MADE IN HAUTS-DE-FRANCE

Clément delobel, responsable du bureau d’étude VRD chez INGEO
Clément delobel, responsable du bureau d’étude VRD chez INGEO

« Pour son projet de réfection totale de l’avenue Foch et de sa place, explique Clément Delobel, responsable du BE VRD pour INGEO, la Ville, très portée sur l’économie circulaire, souhaitait réaliser un projet innovant. Nous avons fait les choses à fond, avec du stationnement matérialisé, un éclairage LED avec variation de puissance et détection de présence, la réutilisation des bordures existantes, la création de noues, l’usage d’enrobés au liant incolore avec des granulats du Boulonnais, la gestion des eaux pluviales avec un bassin d’infiltration… C’est pourquoi je leur ai proposé ce pavé drainant». Avec la proximité des déchets coquillés tout droit sortis de Capécure à Boulogne-sur-Mer, ce pavé 100 % local répond à la notion d’économie circulaire. Suite au brevet déposé par l’ESITC Caen en 2016, le pavé drainant a été mis en production par un industriel situé dans l’Oise.

TUNNEL DEBOURBEUR

Sous les pavés drainants placés au niveau des poches de stationnement de la place, un bassin d’infiltration en caissons de 1 060 m3 a été aménagé. Un tunnel débourbeur d’1m80 de diamètre, accessible facilement pour son entretien bi-annuel, récupère 80% des déchets de l’eau de pluie. L’eau s’écoulera naturellement dans le sol via des tunnels placés perpendiculairement. La ville, en séparant les eaux pluviales des eaux usées permettra de soulager un maximum sa station d’épuration. Ainsi la qualité des eaux de baignade, essentielle pour une station balnéaire, sera maitrisée. Démarrée en avril, la pose des pavés s’achevera début juin.

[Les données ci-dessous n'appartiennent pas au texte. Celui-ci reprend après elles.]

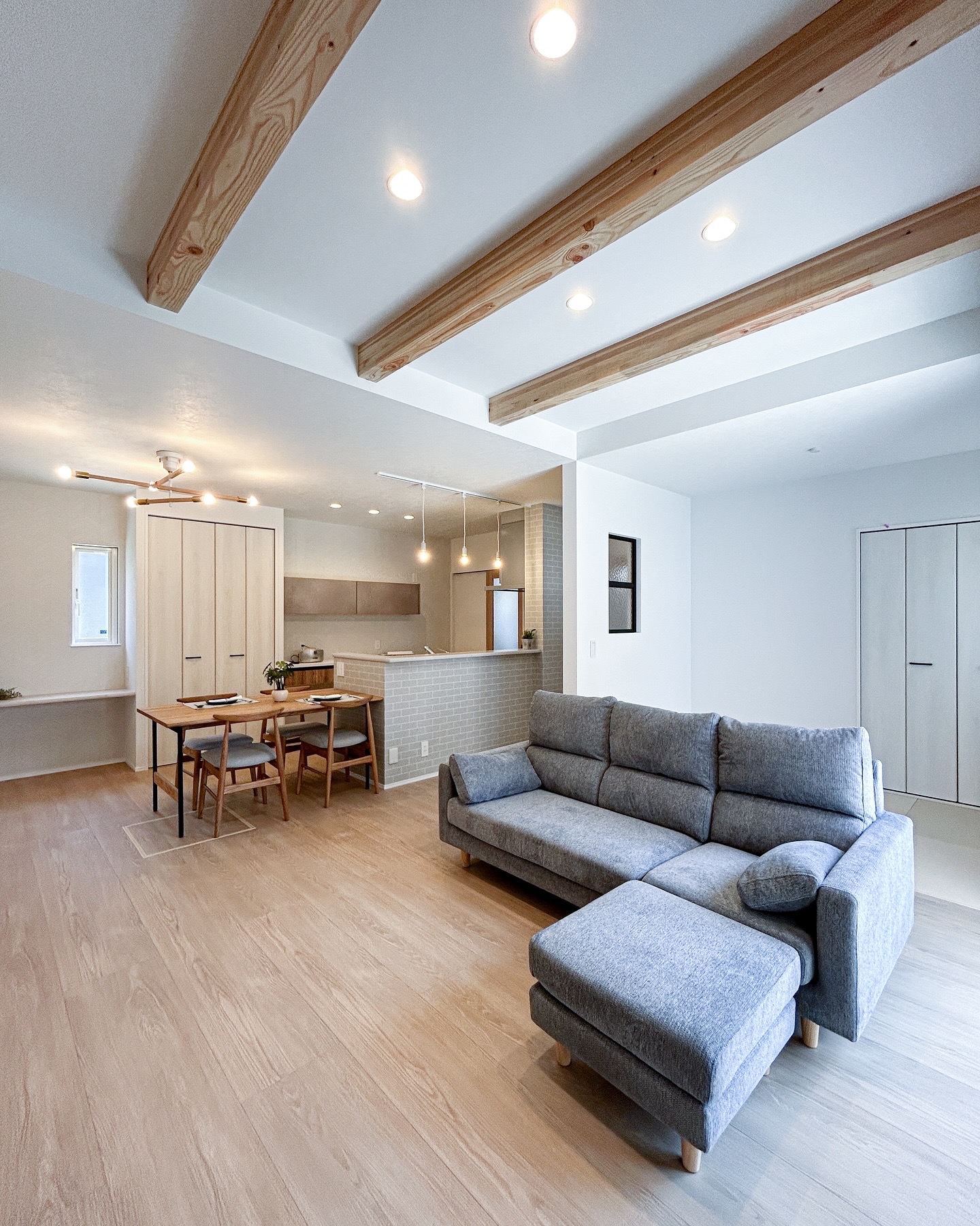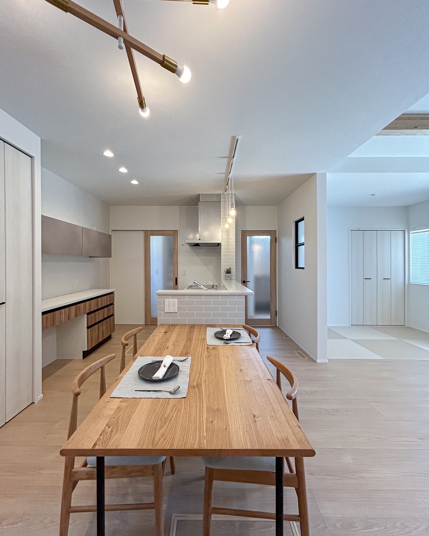 長岡市で注文住宅を請け負う工務店として、素材選びから間取り、採光計画まで細部にこだわり、心地よく暮らせる住空間をかたちにしました。
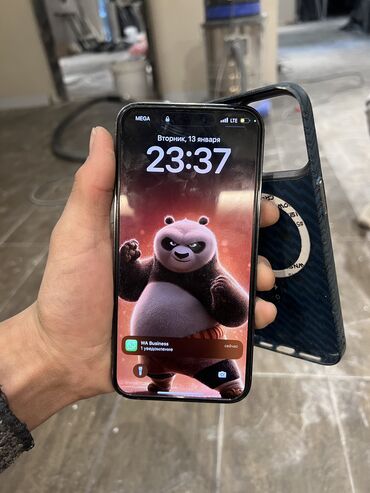 На экране установлены актуальные iOS‑виджеты; устройство работает, ловит сеть LTE, Face ID активен. Отличный вариант для фото/видео и игр благодаря ProMotion и A16.
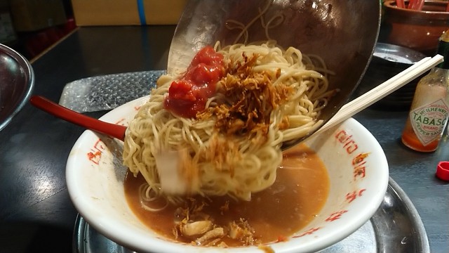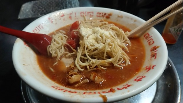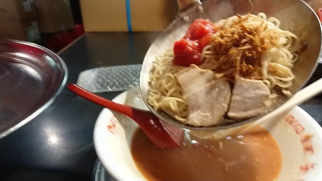 赤とんこつらーめん 850円・・・トマト(標準・ただし替玉のみ標準と細麺から選択)
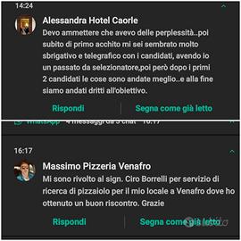 Dopo oltre 28 anni di esperienza nella ristorazione e nel mondo bar con qualifiche di: -Socio AIBES -Master della campari in mixology -Attestato BARTENDER rilasciato dalla regione Campania -Master Manager in F&B (Food & Beverage) -Sommelier con Sommelier Coach Ho deciso di aiutare tutte quelle aziende in difficoltà con: RECUPERO AZIENDALE, FORNIRE RISORSE UMANE, START-UP, PERFEZIONAMENTO DELLA LINEA LAVORO, FORMAT E/O FORMAZIONE DEL PERSONALE. Inoltre dispongo anche di un database di colleghi di lavoro pronti per lavorare in 7 giorni: Barista Barman Bartender Bar manager Direttore bar Direttore ristorante Cameriere Chef de range Commis di sala/cucina runner Pizzaiolo Fornaio Pasticcere Gelataio Rosticcere Lavapiatti Cuoco Capo partita Sous chef Disponibilità OVUNQUE anche per lavoro stagionale fuori la mia zona di Napoli purché sia con vitto e alloggio. Per maggiori informazioni 3345946100
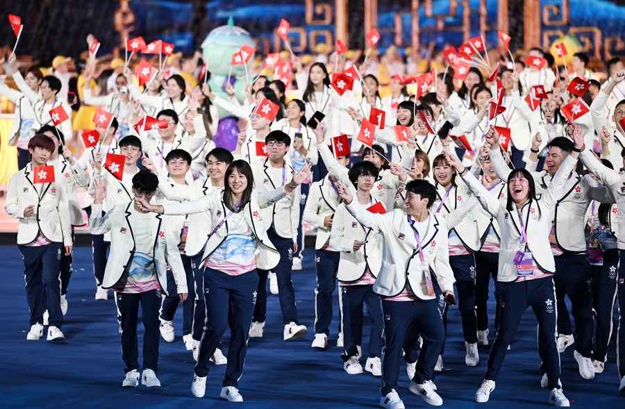 Delegation of China's Hong Kong parades into the Hangzhou Olympic Sports Center Stadium during the Games' opening ceremony. (Xinhua/Cheng Min)
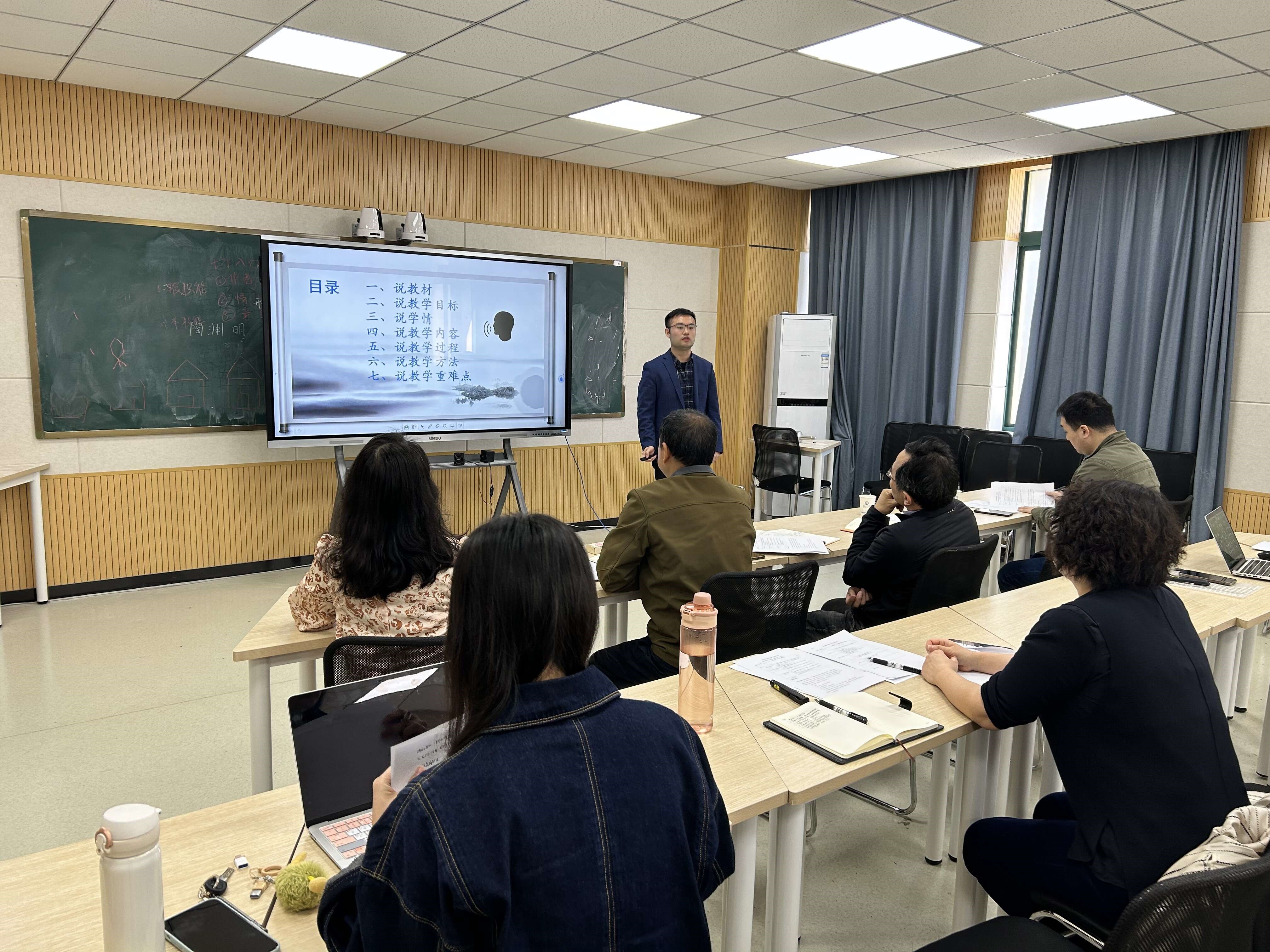 本次培训交流会基于专业化、标准化和个性化的原则,成立了由马丹院长、胡茂波教授、杨红荃老师、朱秋月老师和韦妙老师组成的专家组,主要从现场无学生试讲和个人职业发展规划两个方面对王薇、汪旭和杨秋月三位新进教师进行了差异化的专业指导。
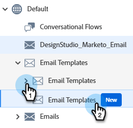 Klicken Sie Design Studio auf E-Mail-Vorlagen und dann auf E-Mail-Vorlagen (Neu).
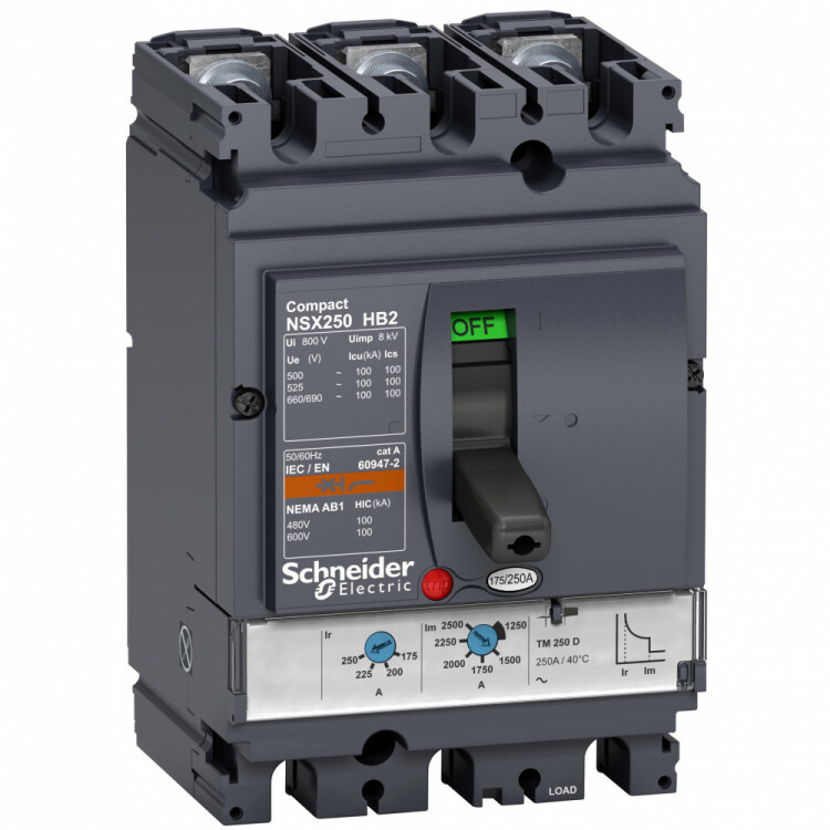 Автоматический выклю чатель Compact NSX250HB2 Schneider Electric, исполнение – 3P3d - номинальный ток 200 А - Icu = 100 kA при 690 В - Ics = 100% Icu - с термомагнитным расцепителем TM-D - ШхВхГ – 108x192x135 мм - исполнение – стационарный - монтаж - на плате. Преимущества: Прямой доступ к экономии затрат, безопасность и защита, контроль и измерение параметров электроэнергии, надежность энергоснабжения, простота и удобство. Применения: Применение в системах электроснабжения объектов любого масштаба – от крупнейших промышленных предприятий до офисных зданий для защиты распределительных сетей, генераторов, кабелей большой протяженности, электродвигателей.

Le pavé issu du projet VECOP se compose de granulat en quartz blanc en surface avec des déchets de coquilles Saint-Jacques broyés en fraction 2/4 mélangé à du ciment blanc drainant.
Le pavé issu du projet VECOP se compose de granulat en quartz blanc en surface avec des déchets de coquilles Saint-Jacques broyés en fraction 2/4 mélangé à du ciment blanc drainant.

DU LABO AU CHANTIER

C’est en 2011, face à une forte quantité de déchets de coproduits coquillés issus de la pêche et de l’élevage, que les chercheurs de l’Ecole Supérieure d’Ingénieurs des Travaux de la Construction de Caen (ESITC Caen), dont le cœur de métier est le béton, ont eu l’idée de développer cet éco-pavé dans le cadre d’un projet appelé VECOP. La matière première, la coquille Saint-Jacques, lavée et débarrassée de toutes ses impuretés, est broyée. Elle entre ensuite dans la composition du béton (environ 30%) en remplacement des graviers naturels non renouvelables. Après l’expérimentation en laboratoire, il a fallu mettre en œuvre ce pavé drainant sur des chantiers prototypes comme l’extension d’un parking de l’ESITC Caen. Avec sa propriété drainante, il permet donc de répondre aux besoins d’aménagement urbain durable tout en évitant l’imperméabilisation des surfaces. La gestion de l’eau de pluie est alors mieux maitrisée. Il n’est pas adapté aux poids lourds et se destine plutôt aux zones piétonnes, aux parkings, aux bordures ou aux trottoirs.

FAIRE DE L’EAU UNE AMIE

Mais innover veut-il dire dépenser plus ? « 60% du coût des travaux ont pu être pris en charge par le projet européen Water Resilient Cities (WRC) que la commune a intégré», confie Erik Dereeper, directeur des services techniques de Wimereux. Avec 14 autres villes de France, de Belgique, des Pays-Bas et du Royaume-Uni, la cité balnéaire planche sur une même problématique, celle de la gestion des eaux pluviales tout en intégrant une touche d’innovation. « D’autres villes s’intéressent à notre chantier», ajoute-t-il. Avec un constat commun : il faut gérer l’eau à la parcelle et en faire notre amie et non notre ennemie». Le pavé drainant à base de déchets de co-produits coquillés s’assure un bel avenir. « Le projet VECOP? Il n’y a pas un jour sans que l’on ne m’en parle », conclut Clément Delobel.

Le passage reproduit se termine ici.